Times 2

Greek Premier wins vote, but debt crisis far from over

ATHENS, Nov. 5, (Reuters) - Greek Prime Minister George Papandreou survived a vote of confidence in parliament today, avoiding snap elections that would have torpedoed Greece's debt bailout deal and inflamed the euro zone's economic crisis.

But the nation remained mired in political, economic and social turmoil and Papandreou signalled he would stand down, calling for a new coalition to ram the 130-billion-euro bailout deal through parliament and avoid the nation going bankrupt.

Papandreou's socialist government won with 153 votes in the 300 member parliament, and a rebellion by some dissidents in his PASOK party failed to materialise after he indicated that his term as prime minister was close to an end.

“The last thing I care about is my post. I don't care even if I am not re-elected. The time has come to make a new effort ... I never thought of politics as a profession,” he told parliament before the vote. Papandreou said a coalition government should secure the approval of the EU/IMF bailout deal, the nation's last financial lifeline, which is also the euro zone's central plank to prevent economic crisis devastating the bloc's bigger economies.

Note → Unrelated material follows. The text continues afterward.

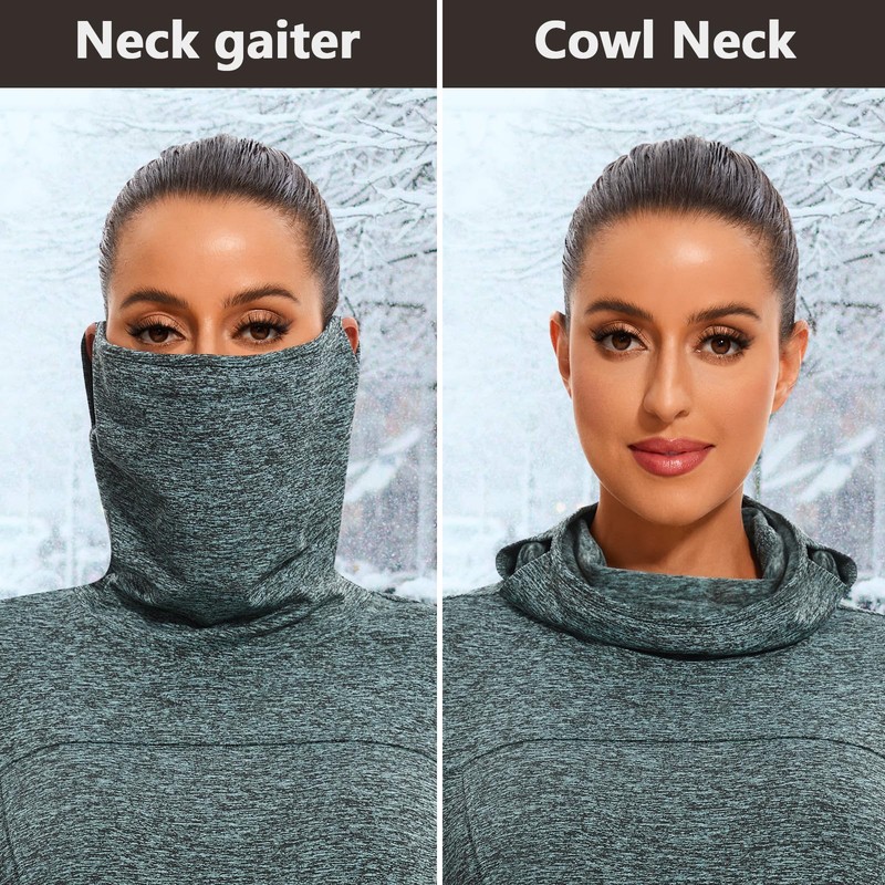 - TURTLENECK & THUMB HOLES: The cowl neck design helps block harmful UV rays in bright sunlight and protects against the wind and cold. The thumb holes keep the sleeves in place, preventing them from shifting or flapping in the breeze, and they help trap warmth.

The leaders of France and Germany told Papandreou this week that Greece would not get a cent more of aid if Greece failed to approve the bailout, meaning that the state would run out of money in December.
Papandreou told parliament that he would go to the Greek president today to discuss formation of a broader-based government that would secure the bailout, adding that he was willing to discuss who would head a new administration.

NO RAPID ELECTIONS

Papandreou dismissed demands for rapid elections as championed by the opposition. “Elections at this moment not only equal disaster but could not take place in the best interest of the people,” he said.
“There is one solution. To support the (EU bailout) deal with a multiparty approach, without elections, with a strong government.”

Masamichi Adachi, senior economist at JPMorgan Securities Japan, said the main concern was what would happen when international lenders returned to Athens in the coming months to assess the progress of the austerity plan and “they find them failing again”.

“This is just pushing away the timing of the real problem. Of course it's welcome that Greece didn't blow up today, but it doesn't solve the problem.”

Greece has been racked by torment since soon after Papandreou won power in 2009 and revealed that the real budget deficit was three times bigger than original estimates put out by his conservative predecessor.